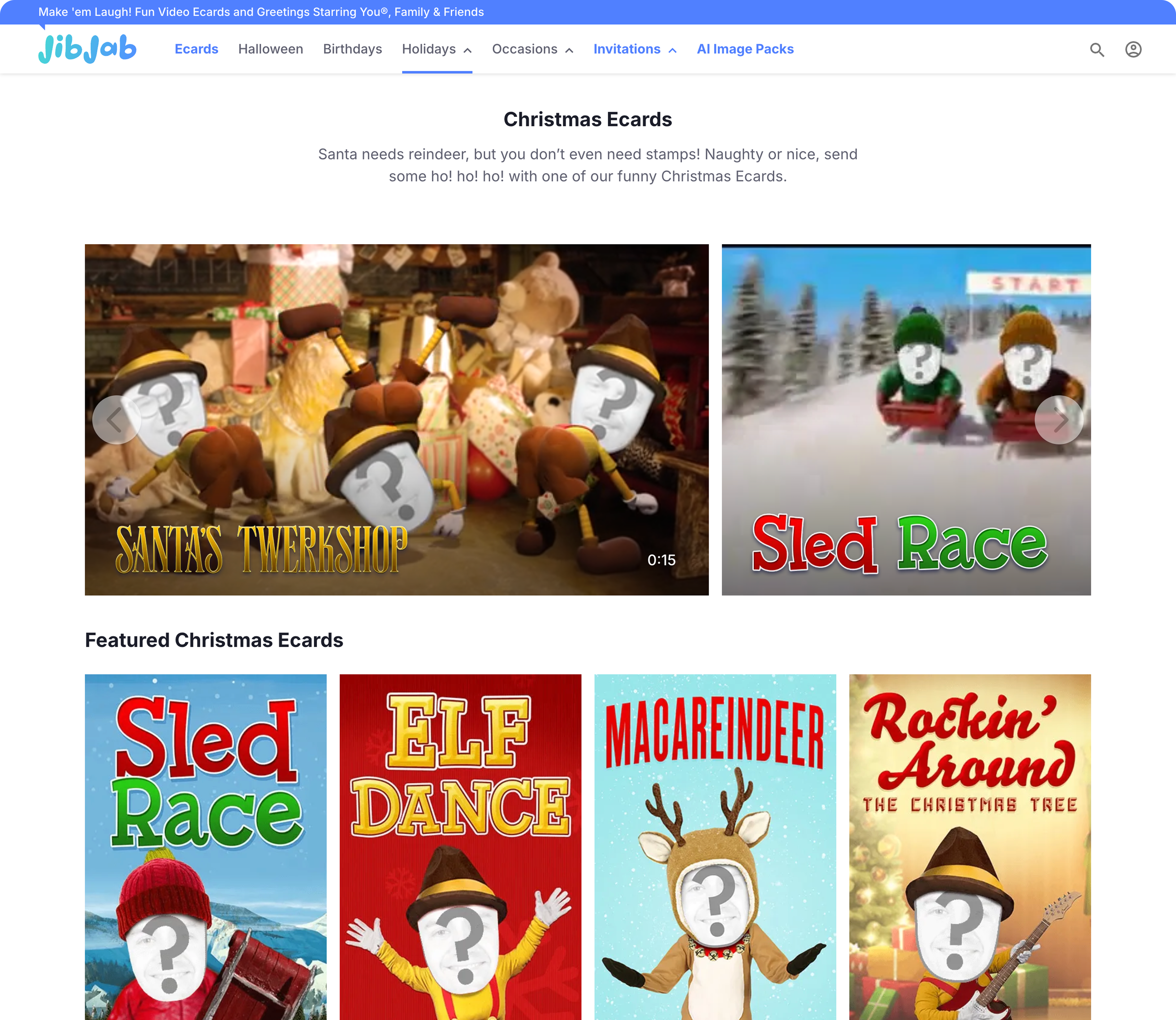 In late 2024, I led JibJab’s first major web refresh in years. My role centered on expanding the existing design system, redesigning core pages, and creating reusable components that could be used across holidays, promotions, and future features.
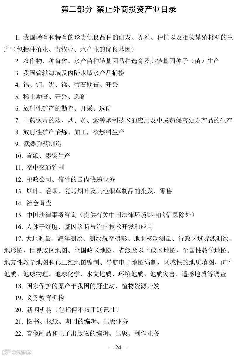 负面清单中还表示,境外投资者不得作为个体工商户、个人独资企业投资人、农民专业合作社成员,从事投资经营活动。
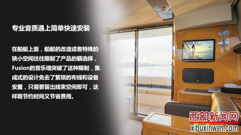 在船艇上面,船艇的改造或者特殊的狭小空间往往限制了产品的额选择,Fusion的音乐墙突破了这种限制,集成式的设计免去了繁琐的布线和设备安置,只需要留出线束空间即可,这样既节约时间又节省费用。
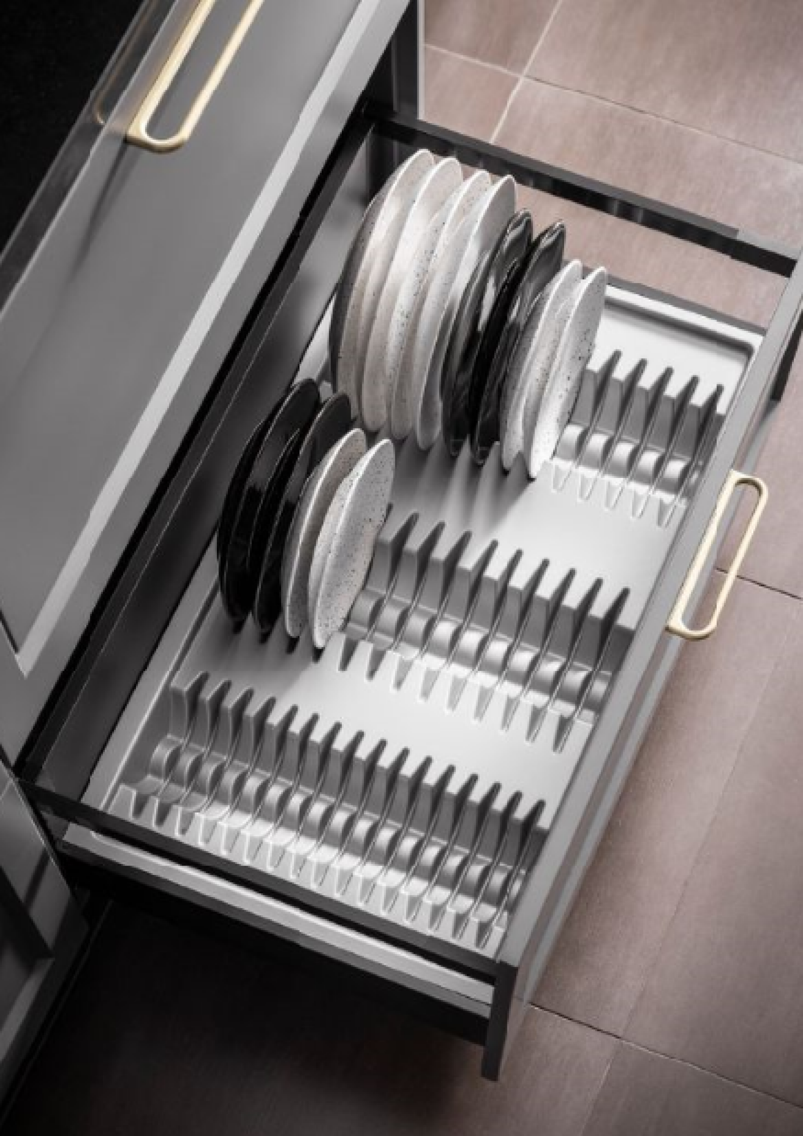 Każdy talerz, niezależnie od wielkości, jest łatwo dostępny, bez konieczności wyjmowania całego stosu. Nawet najbardziej delikatna zastawa pozostaje bezpieczna dzięki ergonomicznemu i stabilnemu wkładowi. To rozwiązanie szczególnie przydatne w głębokich szufladach, w których można wygodnie przechowywać talerze obiadowe, deserowe i głębokie.
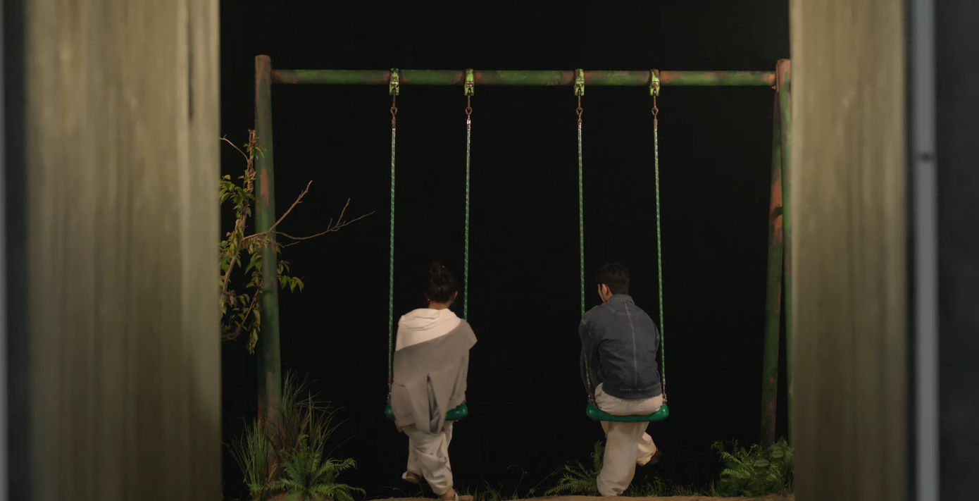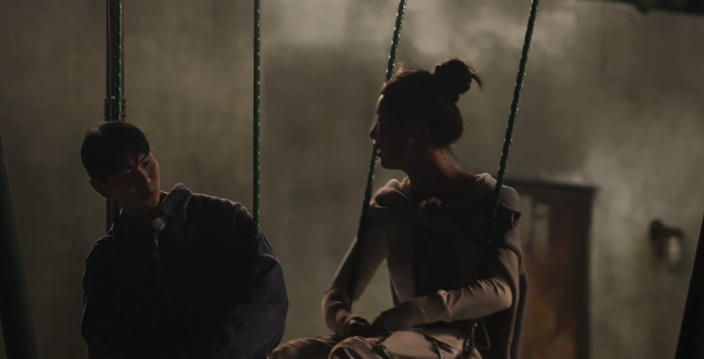 So sánh với một tình huống tương tự, Lee Si An rời khỏi buổi trò chuyện để ngồi xích đu. Người chơi này được quay ở góc đằng sau lưng, trông bình thường và dễ chịu.
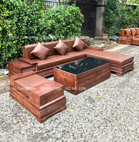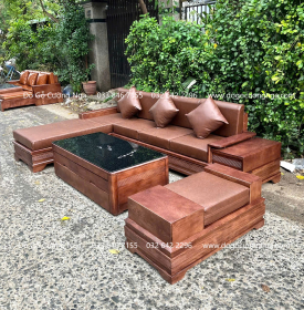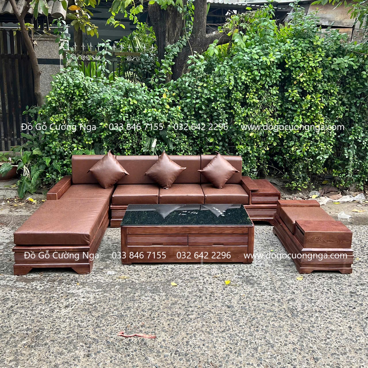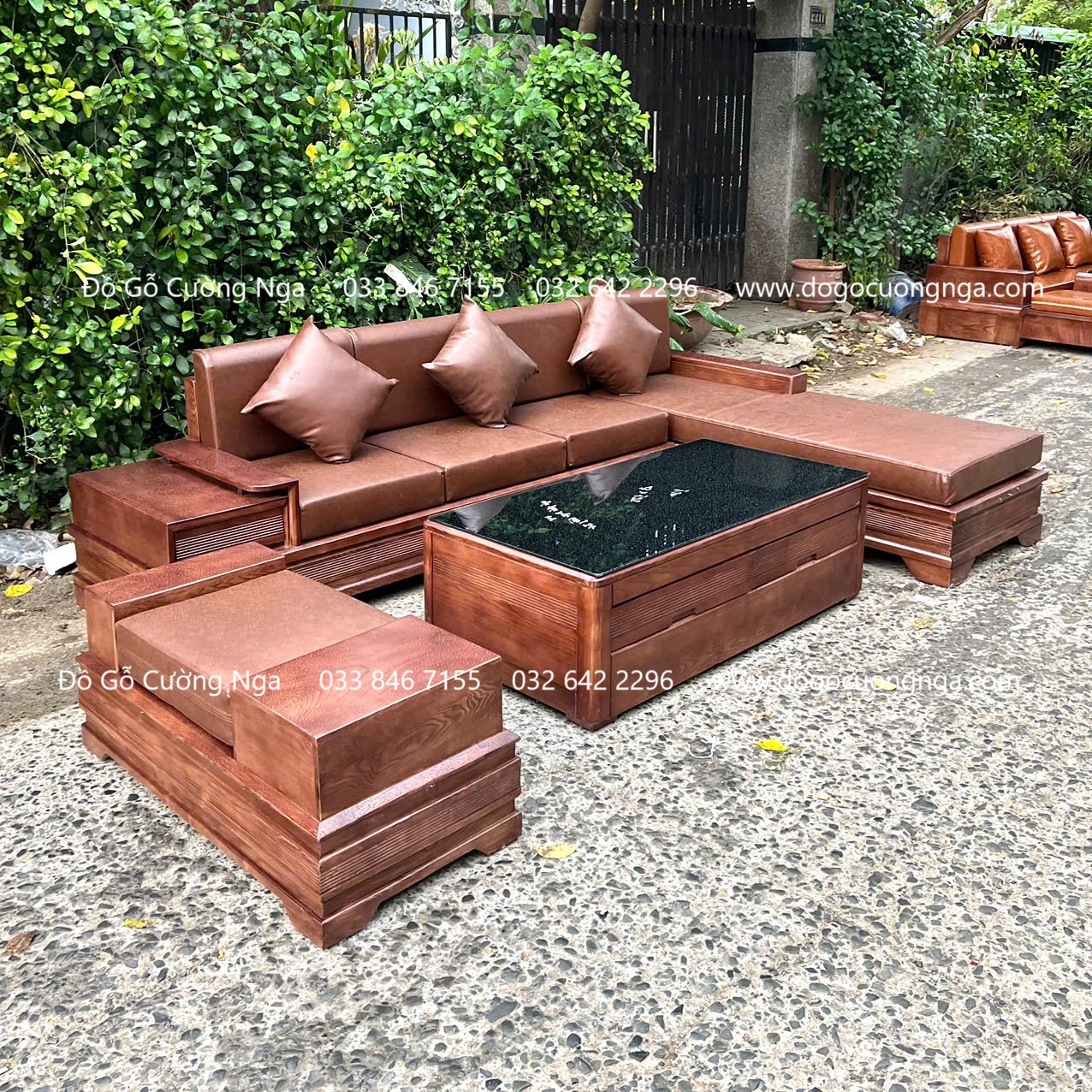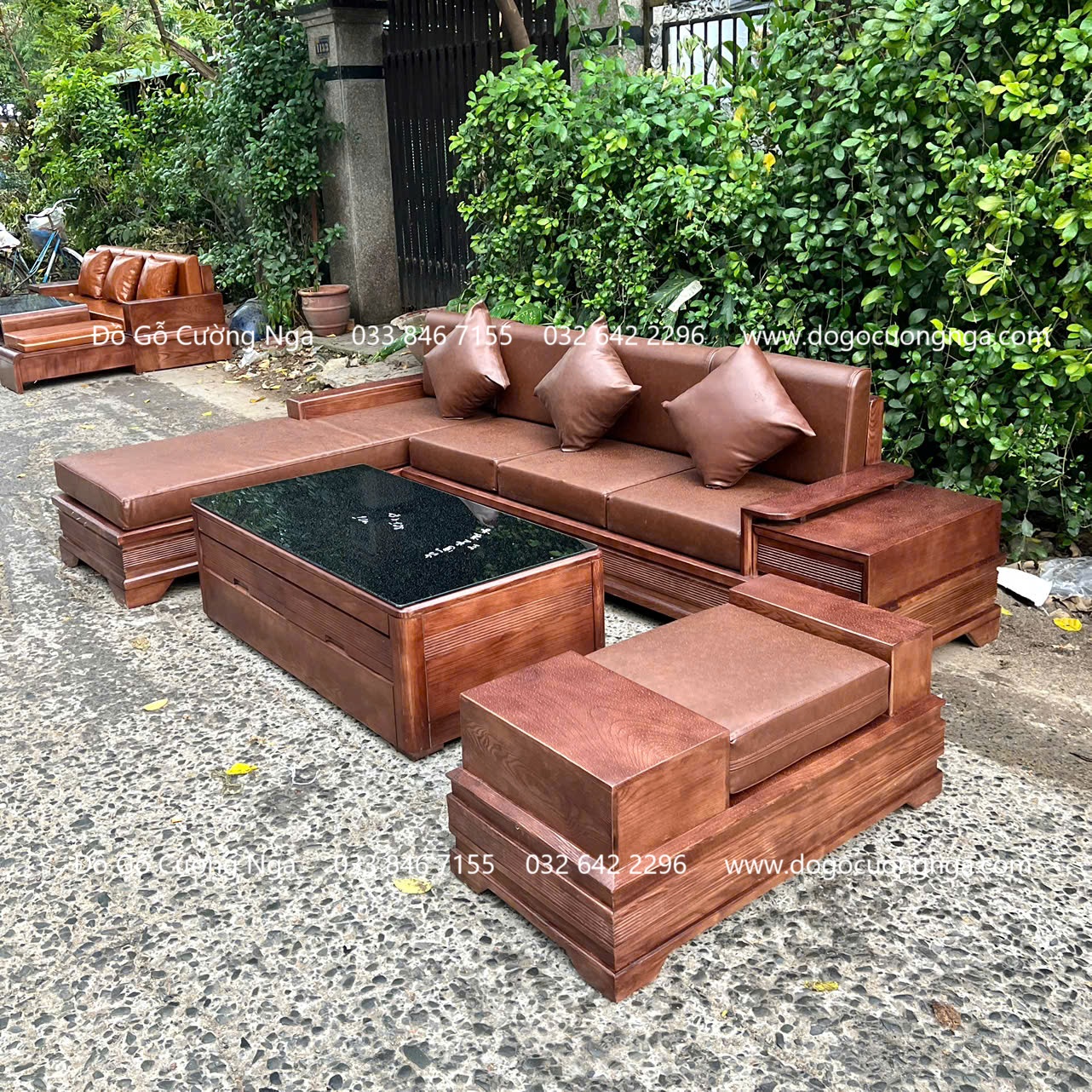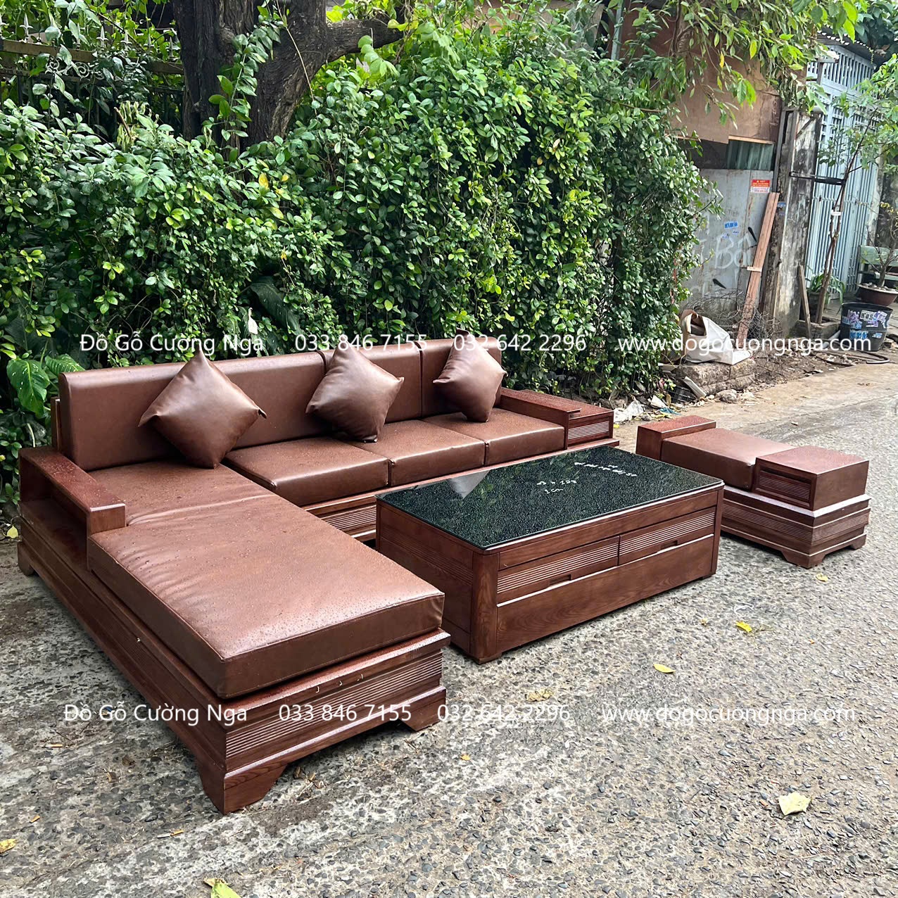 Sofa Gỗ Sồi Nga Lau Màu Óc Chó Góc L Chân Pháo 2m8x1m8 Đẹp Mắt
* * * * * * *
--- WORK TO COMPLETE ---
Lines from the one containing "So sánh với" through the end of the listing, both included, are to be restated exactly, and pictures are to be left out.

--- EXPECTED ANSWER ---
 So sánh với một tình huống tương tự, Lee Si An rời khỏi buổi trò chuyện để ngồi xích đu. Người chơi này được quay ở góc đằng sau lưng, trông bình thường và dễ chịu.
 Sofa Gỗ Sồi Nga Lau Màu Óc Chó Góc L Chân Pháo 2m8x1m8 Đẹp Mắt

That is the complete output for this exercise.